DATA
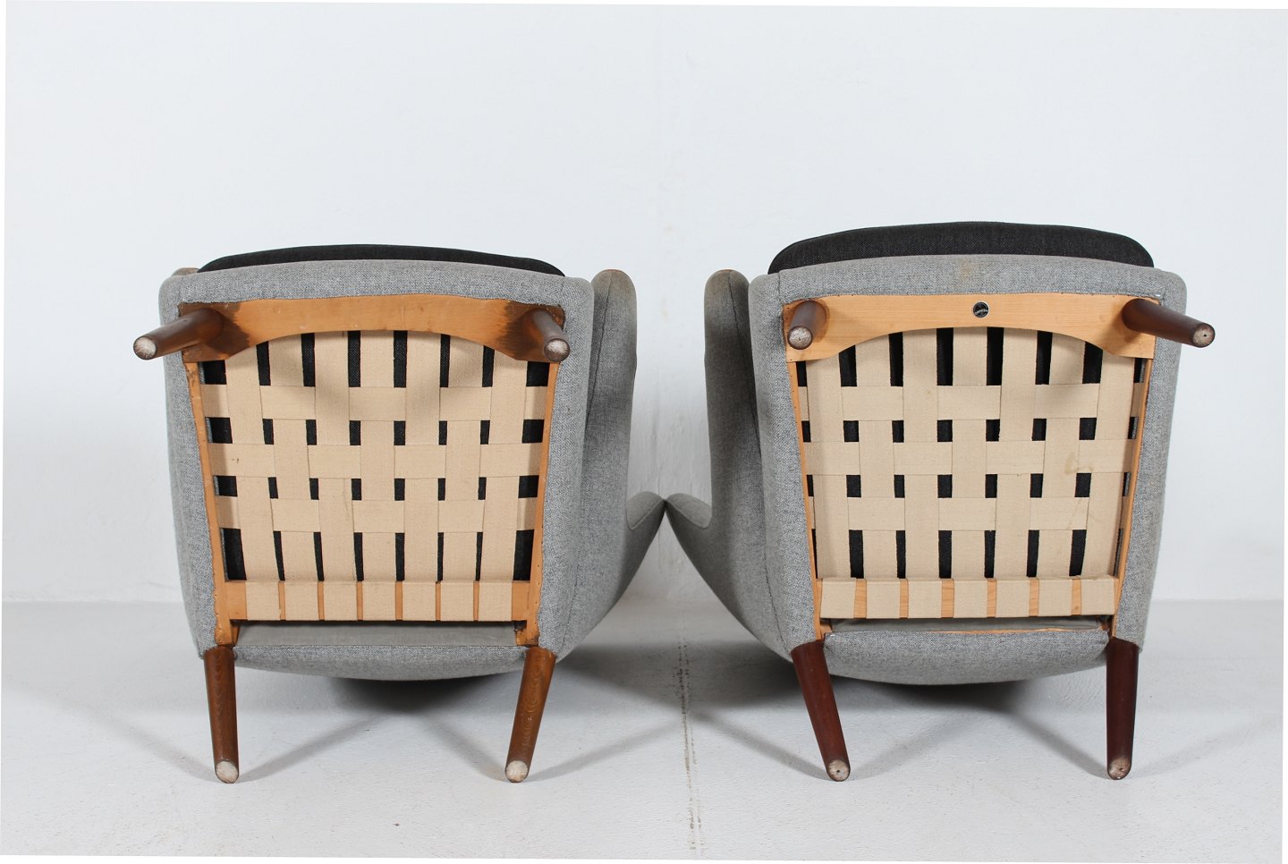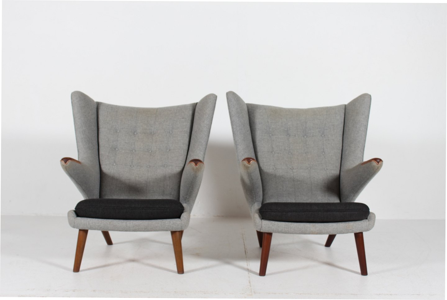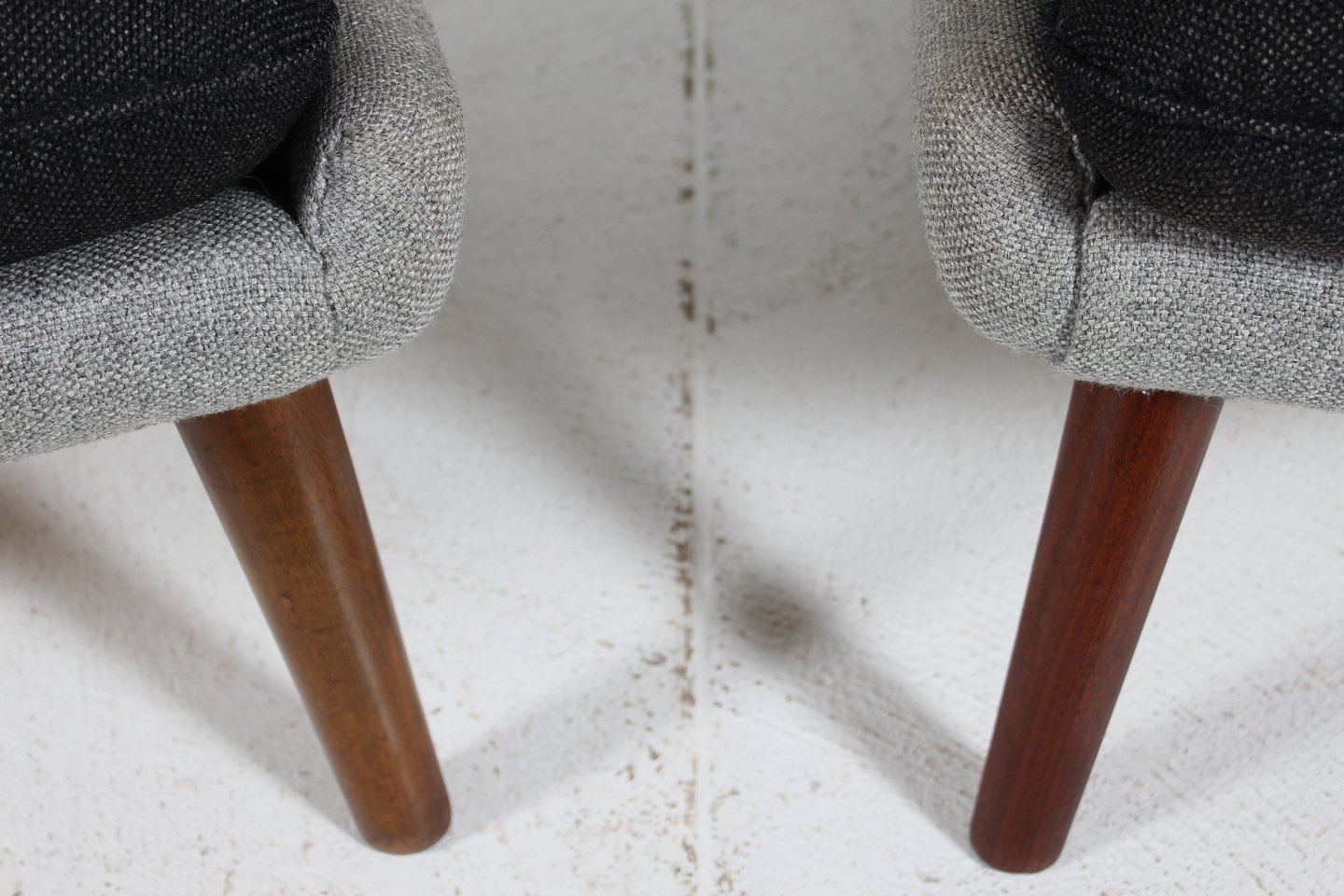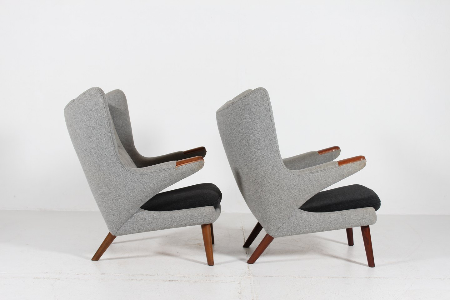Bamsestol AP 19 betrukket med lys og mørk grå uld,
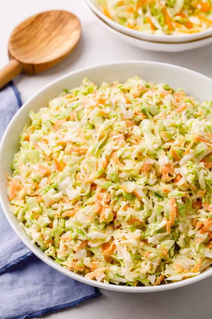 Refrigerate the coleslaw for 6 to 8 hours (or overnight) before serving. This helps all the flavors blend together!
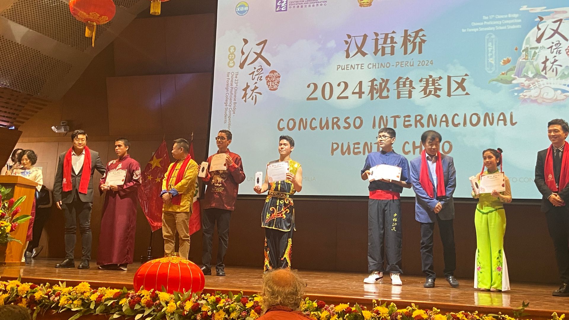 “Puente Chino” es un concurso internacional que busca fortalecer los lazos de amistad entre China y el mundo y promover la cultura china a través de demostraciones de talentos y del dominio de la lengua china. Cada año, estudiantes de chino de colegios peruano chinos y de los institutos Confucio de todo el mundo compiten en dos fases: nacional e internacional. En la primera, cada país elije a su representante para la fase internacional que se desarrolla en Pekín, China.
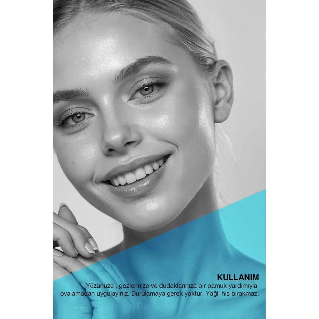 Yüzünüze, gözlerinize ve dudaklarınıza bir pamuk yardımıyla ovalamadan uygulayın. Durulama gerektirmez. Ürün yağlı bir his bırakmaz, ferahlatıcı ve temiz bir his sağlar.

REQUIRED ACTION
Output the lines above in full and exactly as given, omitting any pictures.

TASK RESPONSE
Bamsestol AP 19 betrukket med lys og mørk grå uld,
 Refrigerate the coleslaw for 6 to 8 hours (or overnight) before serving. This helps all the flavors blend together!
 “Puente Chino” es un concurso internacional que busca fortalecer los lazos de amistad entre China y el mundo y promover la cultura china a través de demostraciones de talentos y del dominio de la lengua china. Cada año, estudiantes de chino de colegios peruano chinos y de los institutos Confucio de todo el mundo compiten en dos fases: nacional e internacional. En la primera, cada país elije a su representante para la fase internacional que se desarrolla en Pekín, China.
 Yüzünüze, gözlerinize ve dudaklarınıza bir pamuk yardımıyla ovalamadan uygulayın. Durulama gerektirmez. Ürün yağlı bir his bırakmaz, ferahlatıcı ve temiz bir his sağlar.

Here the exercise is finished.